Data excerpts
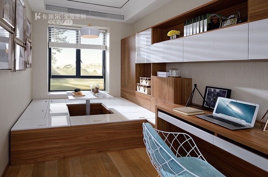 小空間,大利用根據(jù)戶型設(shè)計柜體,合理利用空間。帶儲物與桌子功能的榻榻米,與書桌書柜混搭組合。書房兼顧客房,有朋友過來還可以當(dāng)休閑區(qū)使用。小空間也能大利用!
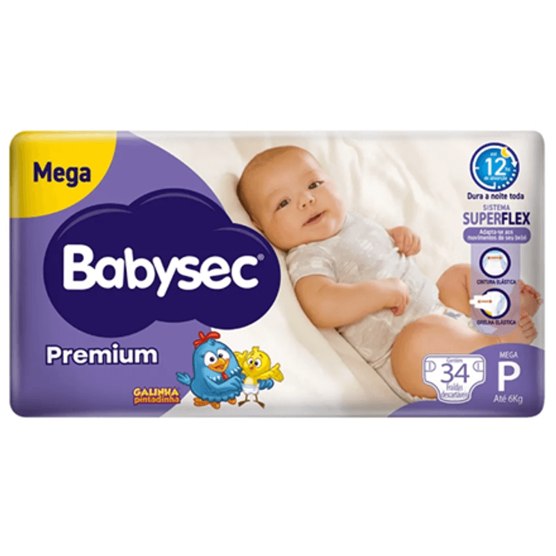 A fralda Babysec Premium Galinha Pintadinha tamanho P (34 unidades) é a escolha ideal para seu bebê que precisa de conforto e proteção eficaz. Com tecnologia de gel superabsorvente, esta fralda garante até 12 horas de secura, evitando vazamentos e mantendo a pele do bebê sequinha, mesmo à noite. Seu sistema FlexiProtect com cintura e orelhas elásticas assegura um ajuste anatômico que acompanha os movimentos, enquanto as barreiras impermeáveis laterais protegem contra escape de líquidos. A cobertura macia ao toque, com design divertido da Galinha Pintadinha, une desempenho premium e alegria para o bebê. Indicada para bebês de aproximadamente até 6 kg, esta fralda descartável une alta absorção, proteção contínua e praticidade diária, sendo perfeita tanto para uso diurno quanto noturno. Escolha Babysec Premium e garanta ao seu pequeno o conforto, liberdade de brincar e o cuidado seguro que ele merece.
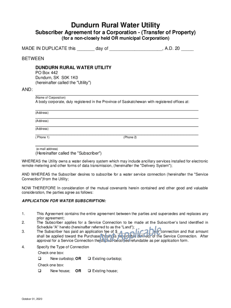 Dundurn Rural Water Utility Subscriber Agreement for a Corporation (Transfer of Property) (for a nonclosely held OR municipal Corporation) MADE IN DUPLICATE this ___ day of ___, A.D. 20 ___ BETWEEN
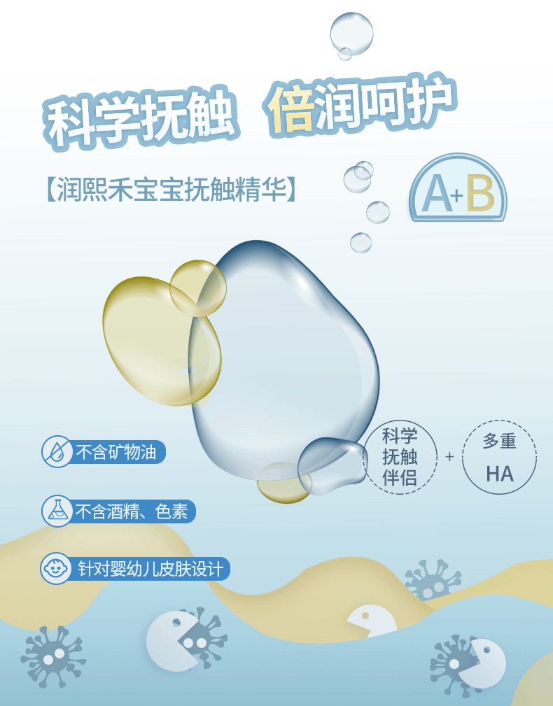 不僅如此,潤熙禾撫觸油的質感也非常清爽,可以減少引發皮膚問題的概率,深層滋潤寶寶皮膚。臻選植物精華補充皮膚營養,讓寶寶感覺清爽舒適,享受媽媽每一次的溫柔撫觸。
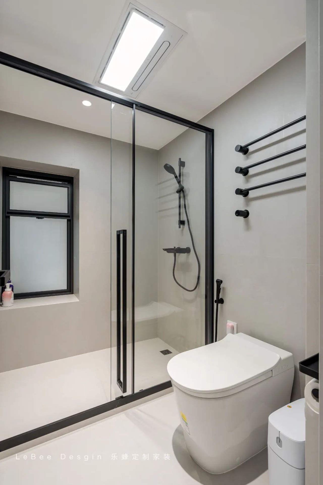 公衛干濕分離,臺盆區外置,拱形鏡面與懸空柜體延續整體簡約調性。
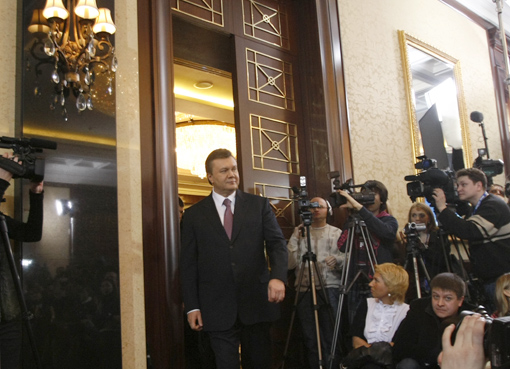На брифінгу після оприлюднення результатів екзит-полів кандидат у Президенти України, Голова Партії регіонів Віктор Янукович відповів на запитання присутніх журналістів.
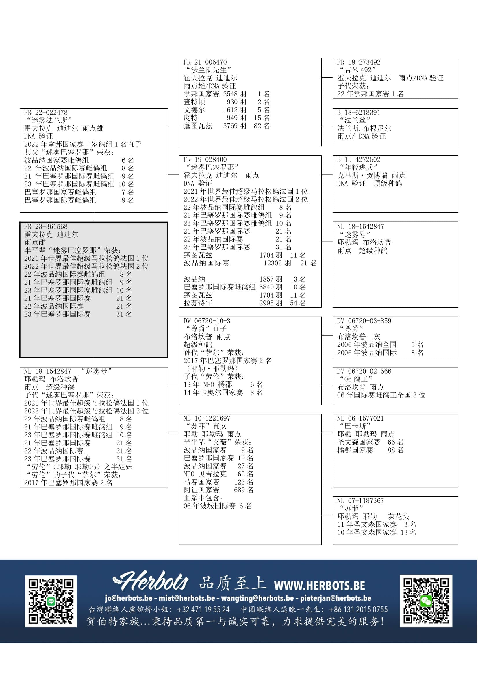 22年波品纳国际赛 – 12,302羽21名 - 国际赛雌鸽组8名
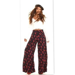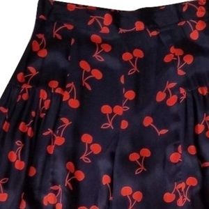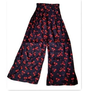 Lucy Love Cherry Bomb pant. Rockabilly, retro style in a navy and red cherry print fabric. High waisted pants with gathers at the side hips. Super wide leg. Side invisible zipper. Brand new with tags, purchased directly from the manufacturer.

◆ Problem details ◆
The response should repeat every entry above exactly and include none of the pictures.

◆ Your response ◆
 小空間,大利用根據(jù)戶型設(shè)計柜體,合理利用空間。帶儲物與桌子功能的榻榻米,與書桌書柜混搭組合。書房兼顧客房,有朋友過來還可以當(dāng)休閑區(qū)使用。小空間也能大利用!
 A fralda Babysec Premium Galinha Pintadinha tamanho P (34 unidades) é a escolha ideal para seu bebê que precisa de conforto e proteção eficaz. Com tecnologia de gel superabsorvente, esta fralda garante até 12 horas de secura, evitando vazamentos e mantendo a pele do bebê sequinha, mesmo à noite. Seu sistema FlexiProtect com cintura e orelhas elásticas assegura um ajuste anatômico que acompanha os movimentos, enquanto as barreiras impermeáveis laterais protegem contra escape de líquidos. A cobertura macia ao toque, com design divertido da Galinha Pintadinha, une desempenho premium e alegria para o bebê. Indicada para bebês de aproximadamente até 6 kg, esta fralda descartável une alta absorção, proteção contínua e praticidade diária, sendo perfeita tanto para uso diurno quanto noturno. Escolha Babysec Premium e garanta ao seu pequeno o conforto, liberdade de brincar e o cuidado seguro que ele merece.
 Dundurn Rural Water Utility Subscriber Agreement for a Corporation (Transfer of Property) (for a nonclosely held OR municipal Corporation) MADE IN DUPLICATE this ___ day of ___, A.D. 20 ___ BETWEEN
 不僅如此,潤熙禾撫觸油的質感也非常清爽,可以減少引發皮膚問題的概率,深層滋潤寶寶皮膚。臻選植物精華補充皮膚營養,讓寶寶感覺清爽舒適,享受媽媽每一次的溫柔撫觸。
 公衛干濕分離,臺盆區外置,拱形鏡面與懸空柜體延續整體簡約調性。
На брифінгу після оприлюднення результатів екзит-полів кандидат у Президенти України, Голова Партії регіонів Віктор Янукович відповів на запитання присутніх журналістів.
 22年波品纳国际赛 – 12,302羽21名 - 国际赛雌鸽组8名
 Lucy Love Cherry Bomb pant. Rockabilly, retro style in a navy and red cherry print fabric. High waisted pants with gathers at the side hips. Super wide leg. Side invisible zipper. Brand new with tags, purchased directly from the manufacturer.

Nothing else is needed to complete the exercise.